С трудом, поминутно хватаясь за перила, я поднимался по нескончаемой лестнице, по которой некогда, видимо, с такими же трудностями, выбирался наружу композитор Гайдн, и в который раз думал о том, что то вдохновенное вызывание духов, которому я здесь с таким увлечением предавался, на самом деле не имело никакого смысла. Насколько легче было тревожить колоссальные тени прошлого дома, в России, насколько отзывчивее и податливее они там оказывались! Механические подпорки не только не помогали моему воображению, они скорее сковывали и ограничивали его полет. Временами, когда меня совсем уже огорчало это зияние, фатальный зазор между красочным мифом и невзрачной современностью, мне даже хотелось, чтобы вся Европа ушла под воду, как платоновская Атлантида, оставив в наследство другим народам только то, что ей и так уже не принадлежит: рассыпанные по музеям мраморные обломки статуй и барельефов, фрагменты пожелтевших рукописей на полузабытых языках и поблекшие, уже почти неразличимые, переливы красок на картинах и фресках. Раньше все всегда так и заканчивалось, только роль наводнения или извержения Везувия, засыпавшего пеплом целые провинции, обычно играли нашествия варваров, которых неудержимо влек к себе магический блеск пышно угасавших цивилизаций. Эти заманчивые игрушки неизменно ломались в их тяжелых и грубых лапах; но и обломков их, случайно сохранившихся, было достаточно, чтобы из них впоследствии могло вырасти великолепное новое дерево новой культуры.

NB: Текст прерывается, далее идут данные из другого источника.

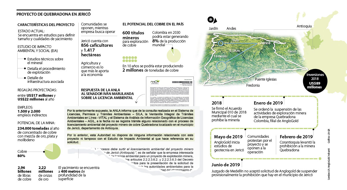 Según la Agencia Nacional de Licencias Ambientales (Anla), “a la fecha no se registra trámite alguno relacionado con el proceso de licenciamiento ambiental del proyecto minero de cobre Quebradona localizado en el municipio de Jericó, departamento de Antioquia”.

Преодолев наконец крутую лестницу, я оказался наверху, перед наружной дверью; но, распахнув ее, я не увидел ничего, кроме сплошной пелены мутного утреннего тумана, сквозь который смутно просвечивали вдали еще горевшие фонари. Зябко поеживаясь, я побрел по совершенно безлюдным улицам, старательно вглядываясь в почти невидимую в тумане неровную брусчатку у меня под ногами. Восточный край неба постепенно светлел, наливаясь молочной спелостью; но солнца еще не было над горизонтом. Сонная жизнь, едва тлевшая здесь в домах за оконными стеклами, на удивление стройно и гармонично сливалась в эту минуту с возвышенным покоем грузной небесной твердыни. Плоский город, с его серыми крышами и фасадами, казался легким, расплывшимся оттиском на податливой поверхности мироздания. Через несколько мгновений должно было взойти солнце; над древней, недвижной, окованной космическим холодом Вечерней землей занимался новый день.